Suppose I have a polynomial $A$, which I factorize as $A=BC$ (where $B$ and $C$ are polynomials with integer, rational or real coefficients). When factoring $B$ as $B=B'$ and $C$ as $C=C'$ (to irreducibly polynomials over the respective field) does $A=B'C'$ gives the full factorization.
In other words, does factorizing the parts of a partially factorizing polynomials gives the full factorization of the original polynomial (over all of integers, rationals or reals)?
Regards and thanks.
As long as you stick to one of either integers, rationals, or reals, you can't go astray by choosing a "wrong" factorization. The rings $\mathbb Z[X]$, $\mathbb Q[X]$ and $\mathbb R[X]$ are all _unique factorization domains, so if you have $A=BC$ in one of these rings, then you know that the irreducible factors if $A$ are the irreducible factors of $B$ together with the irreducible factors of $C$.
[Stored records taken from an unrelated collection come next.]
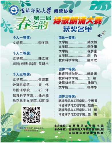 第三届“春之韵”诗歌朗诵大赛于4171830分在音乐厅举行,本次大赛旨在鼓励同学们愿意去发现和遇见那些动人的诗歌,丰富在校学生们的课余生活,传播青年们对诗歌的喜爱之情,增强我国传统文化的感染力。
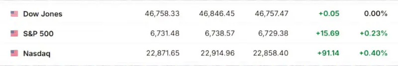 Американские рынки открылись в зеленой зоне. Несмотря на продолжающееся частичное закрытие правительства США, инвесторы сохраняют оптимизм, ориентируясь на перспективы технологического сектора и ожидания экономических изменений. Индекс Dow Jones незначительно понизился на 0,05 процента, в то время как S&P 500 повысился на 0,23 процента, а NASDAQ - на 0,40 процента.
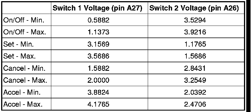 NOTE: Refer to the following table when diagnosing speed control switch voltage DTCs.
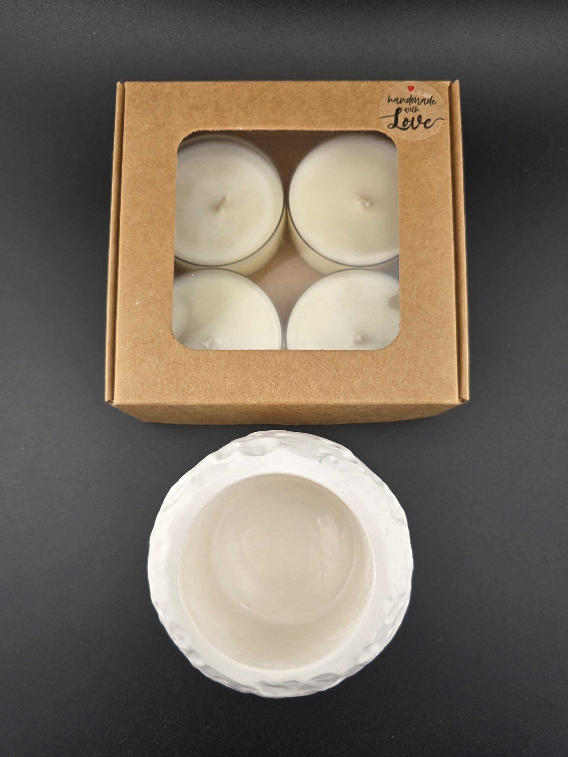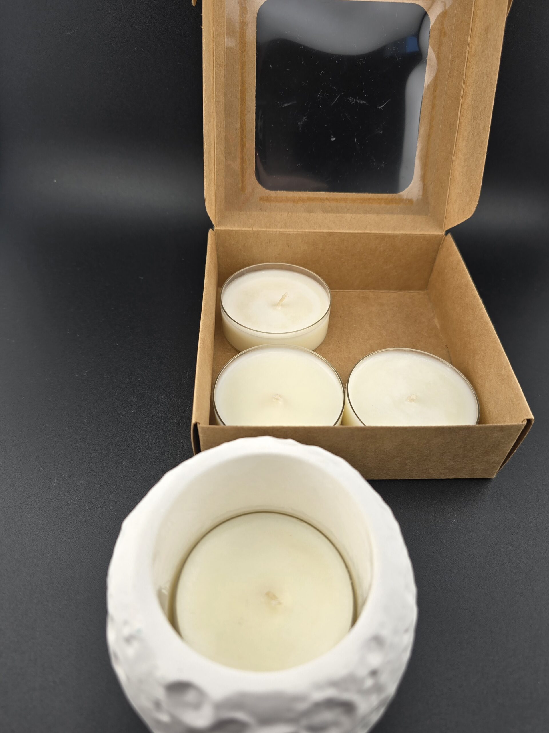 Entdecke unsere Düfte auf eine besondere Art: In diesem Set erhältst du ein handgefertigtes Gipsgefäß im einzigartigen Mondkrater-Design sowie 4 Sojawachs-Teelichter – jedes mit einem anderen Duft. So kannst du unsere Kompositionen ausprobieren und deinen Favoriten finden.

On the other hand, if you mix and match base rings -- say, is $A$ is an integer polynomial and $B$ and $C$ are real polynomials, then there may be irreducible factors of $A$ in $\mathbb Z[X]$ that are not factors of $B$ and $C$. For example, this would be the case if $A$ is irreducible over the integers, and $B$ and $C$ are factors of lower (but nonzero) degree.
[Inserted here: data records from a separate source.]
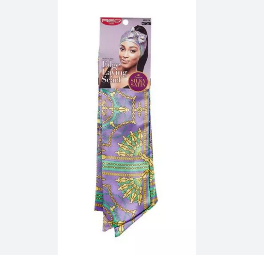 Lay down natural edges and melt lace front hairlines for a super sleek, perfect look! The Red by Kiss Silky Satin Edge Laying Scarf is made of premium silky satin, so it feels gentle on skin and hair. The extra-long 60” length can be tied at your desired tightness and is long enough to tie around twice for extra compression. The 4” width is wide enough to cover a wide hairline or can be folded in half for more detailed work. With 5 fashionable colors and patterns available so you can slay those edges in style! -- Features:
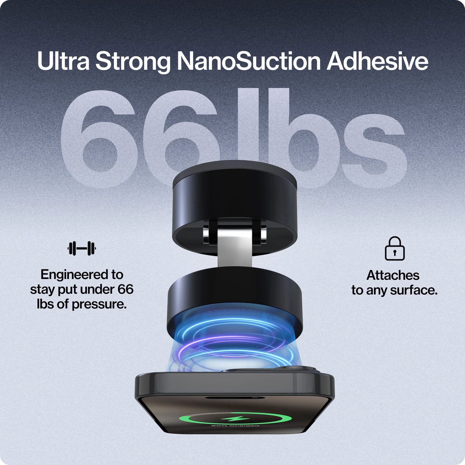 Universal MagSafe Mount re-engineered with a Nano-Suction base. Locks onto textured dashboards, drywall, and glass where standard mounts fail.
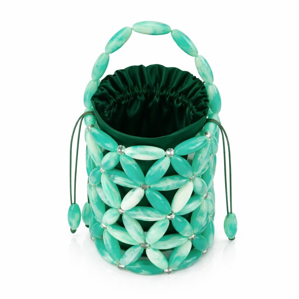 Atelier Emine’in Creamstone Couture serisine ait Jade Emeris, doğal sedef (mother-of-pearl) modüllerin, yüksek mukavemetli şeffaf misina (monofilament) sistemleri ile tek tek örülmesiyle üretilmiş; referans çanta kategorisinde konumlanan, ileri seviye el işçiliği ve mühendislik hassasiyeti gerektiren premium bir tasarımdır.

However, since $\mathbb Q$ is the fraction field of $\mathbb Z$, you do get to mix and match between those. The irreducible polynomials over $\mathbb Q$ are exactly the irreducible nonconstant polynomials over $\mathbb Z$ (times rational constants). So it is possible to factor integer polynomials by considering factors with rational coefficients, if you take care about handling degree-0 factors separately.